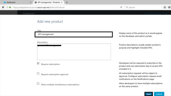 Provide a name for the new product in title text box & in the description text box ->provide a description about the API management and make sure the subscription is selected before clicking->save.
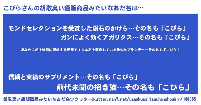 | ヘコむあだ名 | 『こぴら(震え声)』『こぴ太郎』 |
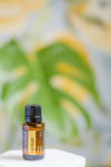 Lemon Essential Oil 15 ml on bright background with yellow flowers and leaves. Blank space can be used to add text or high resolution image can be cropped creatively for Instagram, Facebook, or social media.
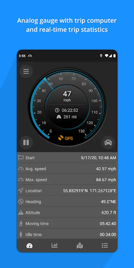 A dashboard with modern, analog speed gauge and trip computer showing current trip data as you drive. Check your average and max speed, current location (GPS coordinates – latitude and longitude), heading, elevation and trip time.
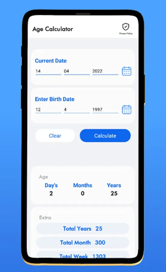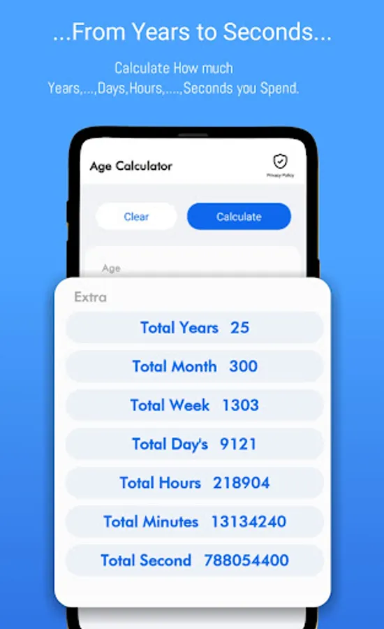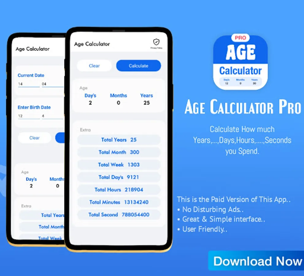 You can calculate your age and also find total years,months,weeks,days,hours,minutes and seconds.
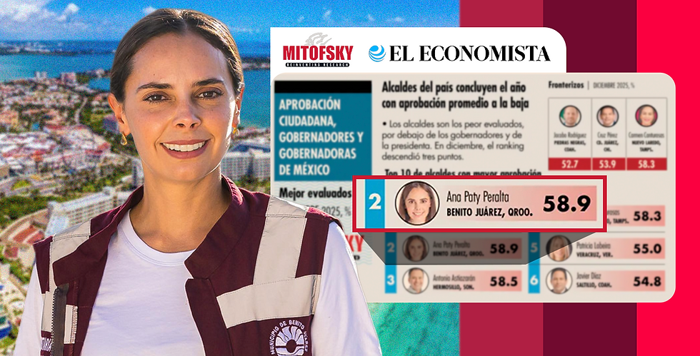 La presidenta municipal de Benito Juárez, Ana Paty Peralta, fue ubicada entre los liderazgos municipales mejor evaluados del país, de acuerdo con una encuesta nacional realizada por la firma Mitofsky, que analizó el nivel de aprobación ciudadana de 150 alcaldes y alcaldesas en México.
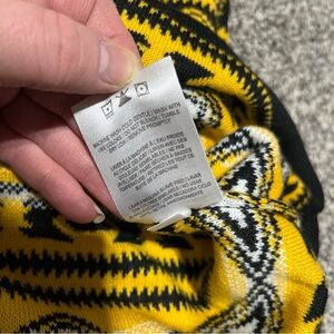 This Pittsburgh Steelers sweater vest in size M is an officially licensed NFL fan apparel featuring an ugly Aztec logo design, perfect for Christmas or any occasion. Made for men, this black sweater vest represents the National Football League team with pride. The product is designed for the regular season and is ideal for showcasing team spirit while staying stylish. Made in China, this sweater vest is a must-have for Pittsburgh Steelers fans looking to add a unique and festive touch to their game day attire.
============
Exercise aim:
Across the whole listing, reproduce each line verbatim and exclude every picture.

Task result:
 Provide a name for the new product in title text box & in the description text box ->provide a description about the API management and make sure the subscription is selected before clicking->save.
 | ヘコむあだ名 | 『こぴら(震え声)』『こぴ太郎』 |
 Lemon Essential Oil 15 ml on bright background with yellow flowers and leaves. Blank space can be used to add text or high resolution image can be cropped creatively for Instagram, Facebook, or social media.
 A dashboard with modern, analog speed gauge and trip computer showing current trip data as you drive. Check your average and max speed, current location (GPS coordinates – latitude and longitude), heading, elevation and trip time.
 You can calculate your age and also find total years,months,weeks,days,hours,minutes and seconds.
 La presidenta municipal de Benito Juárez, Ana Paty Peralta, fue ubicada entre los liderazgos municipales mejor evaluados del país, de acuerdo con una encuesta nacional realizada por la firma Mitofsky, que analizó el nivel de aprobación ciudadana de 150 alcaldes y alcaldesas en México.
 This Pittsburgh Steelers sweater vest in size M is an officially licensed NFL fan apparel featuring an ugly Aztec logo design, perfect for Christmas or any occasion. Made for men, this black sweater vest represents the National Football League team with pride. The product is designed for the regular season and is ideal for showcasing team spirit while staying stylish. Made in China, this sweater vest is a must-have for Pittsburgh Steelers fans looking to add a unique and festive touch to their game day attire.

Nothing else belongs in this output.